- Directed by: Larry Cohen William Tannen
- Written by: Larry Cohen
- Produced by: Bill Elliott Irwin Meyer Steve Mirkovich Michael Shapiro Rodney Sheldon Michael Tadross
- Starring: Billy Dee Williams
- Cinematography: Daniel Pearl
- Edited by: Steve Mirkovich Ron Spang
- Music by: Patrick Gleeson
- Production company: Pound Ridge Films
- Distributed by: CineTel Films
- Release date: October 16, 1987;
- Running time: 87 minutes
- Country: United States
- Language: English

= Deadly Illusion =

Deadly Illusion is a 1987 action/crime thriller film directed by Larry Cohen and William Tannen. It stars Billy Dee Williams, Vanity, and Morgan Fairchild.

==Plot==
Hamberger is a freelance private eye without a license and without a car, who hangs out at delis looking for potential work. He is approached by a businessman claiming to be Alex Burton who offers him $100,000 to kill his wife Sharon who knows too much about his business dealings.

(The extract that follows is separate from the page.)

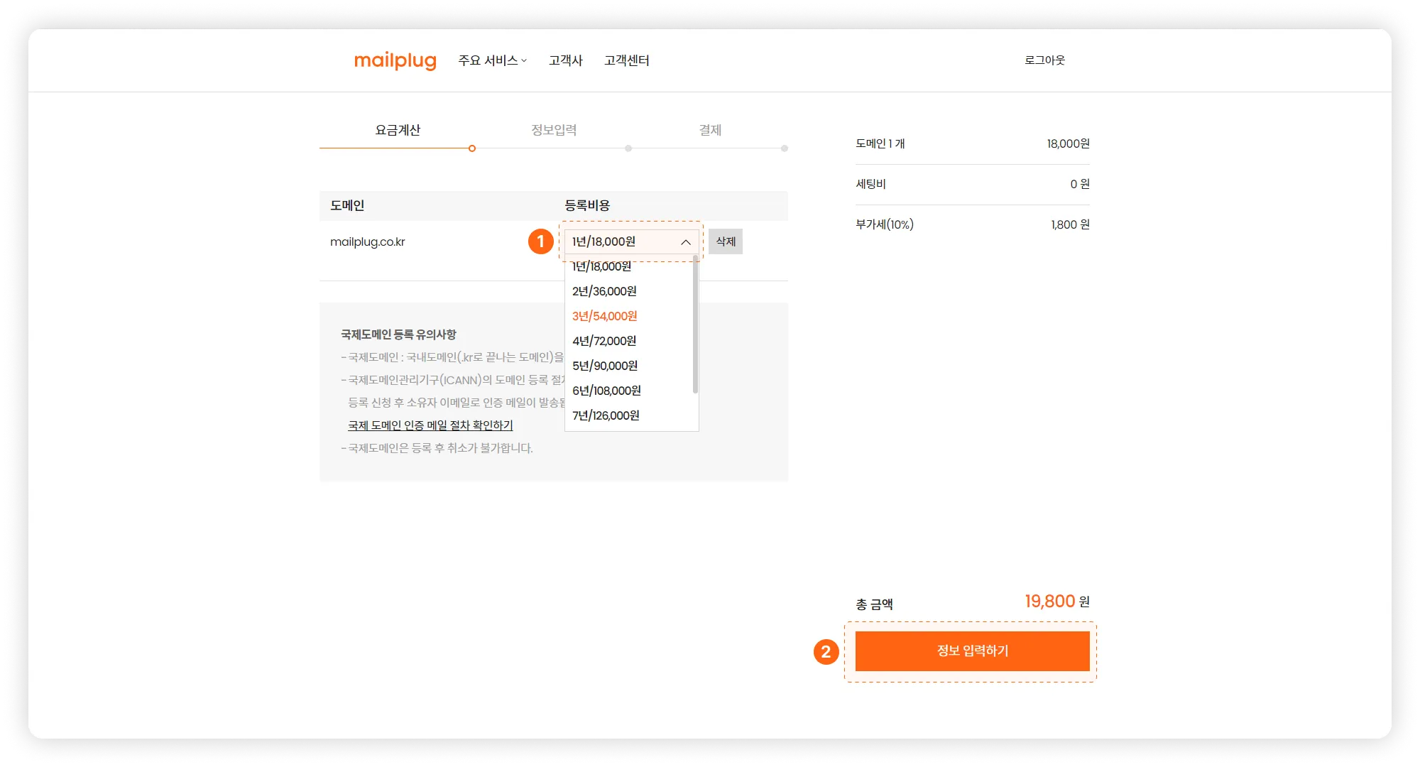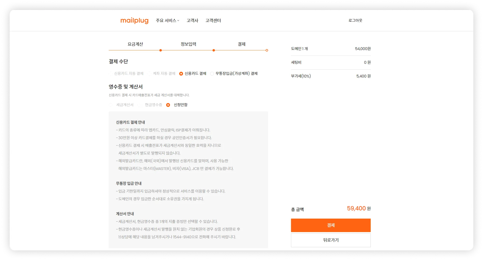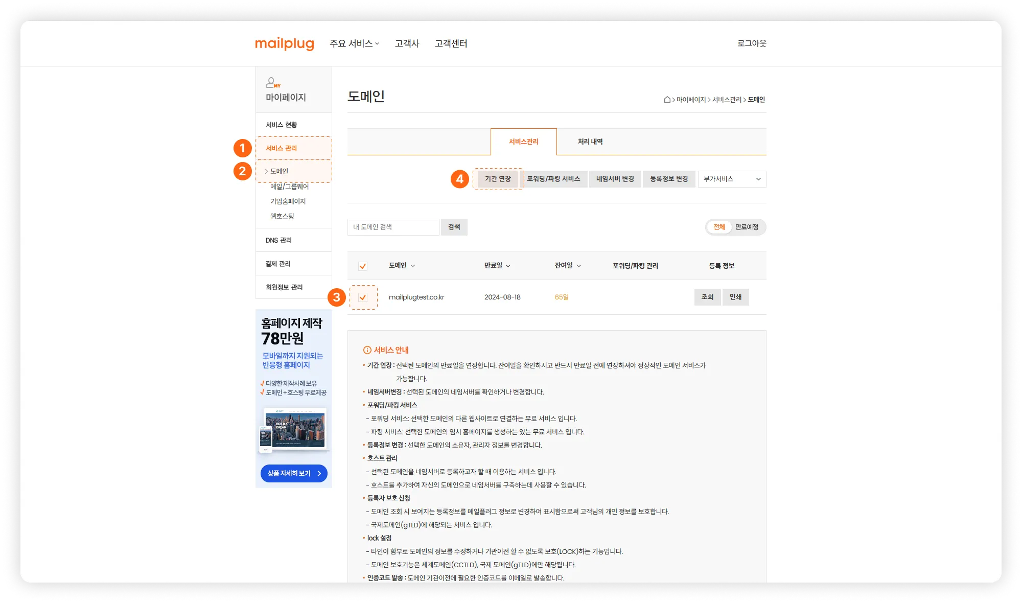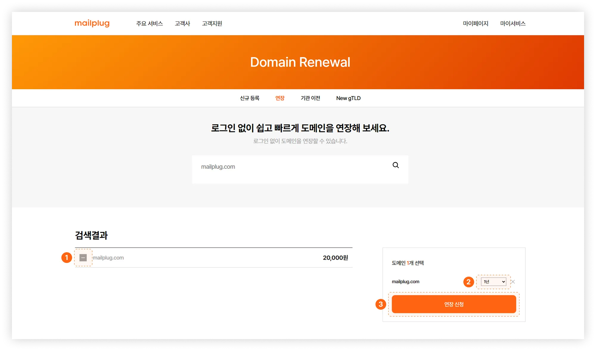 결제 완료 시 도메인 기간 연장이 완료됩니다.

Hamberger accepts a down payment of $25,000 but instead decides to inform Sharon of the plot and helps her flee by plane. Nevertheless, Mrs. Burton is soon found shot dead in the house with Hamberger's fingerprints all around the crime scene.

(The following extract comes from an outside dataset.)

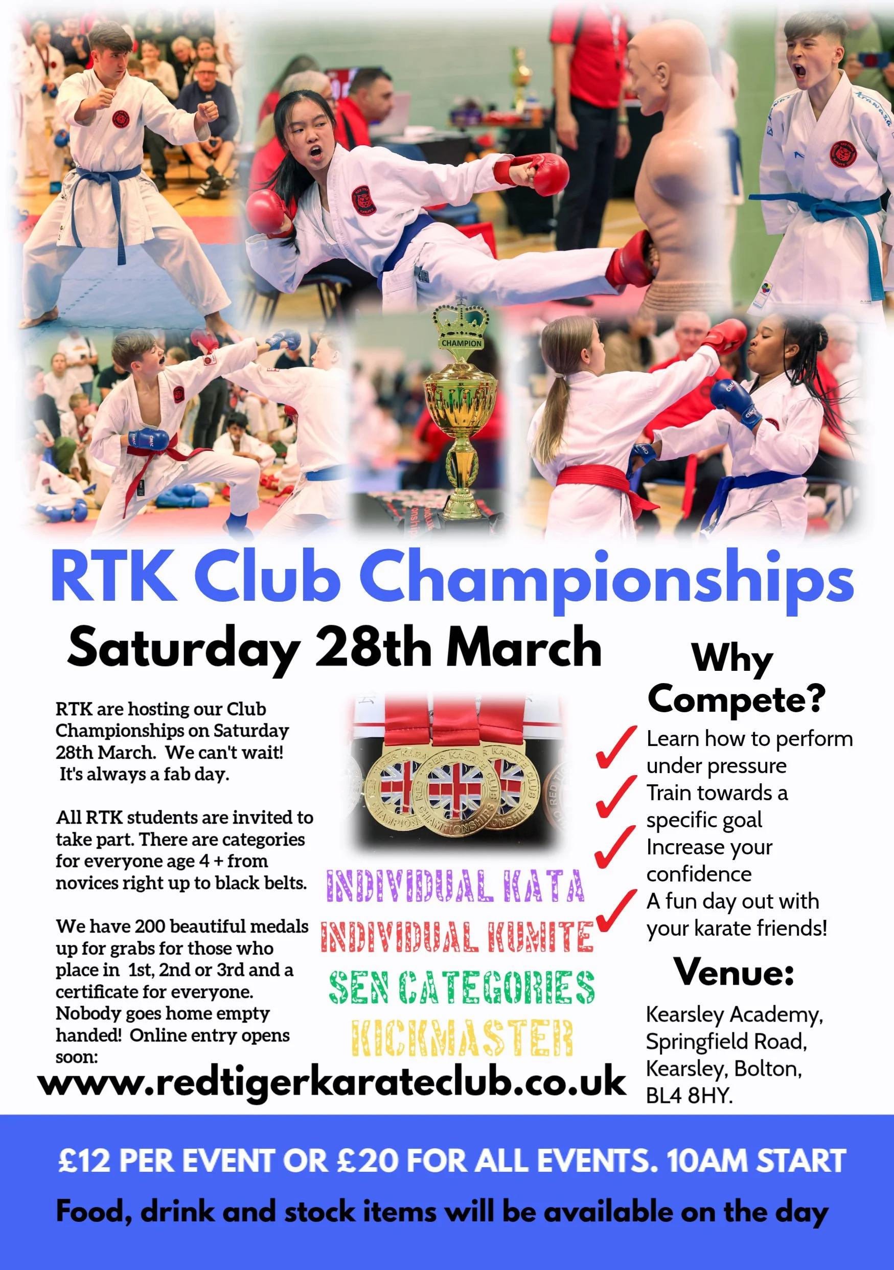 Individual Kata, Individual Kumite, Pairs Kata and Kickmaster

After escaping from Detective Lefferts at his apartment Hamberger confronts the businessman at a party. The man attacks him with a scythe and Hamberger throws him out a window. The party guests inform Hamberger that the man was not Mr. Burton at all so Hamberger returns to his apartment where he explains the situation to Detective Lefferts and is taken to view the body of Sharon Burton, who is not the woman he met either. Hamberger uncovers a heroin distribution operation through a link to a modeling agency and seeks to find the real killer before the police take him in for a crime he did not commit. The film ends in a final armed showdown at Shea Stadium.

==Cast==
- Billy Dee Williams as Hamberger
- Vanity as Rina
- Morgan Fairchild as Jane Mallory / Sharon Burton
- John Beck as Alex Burton
- Dennis Hallahan as Alex Burton Impostor
- Joseph Cortese as Detective Paul Lefferts
- Joe Spinell as Hitman (as Joe Spinnel)

==Production==
Filming took place at Rockefeller Center, Times Square in Manhattan and at Shea Stadium in Queens.

==Release==
Deadly Illusion premiered in the United States on October 16, 1987, and in the Philippines on July 6, 1988.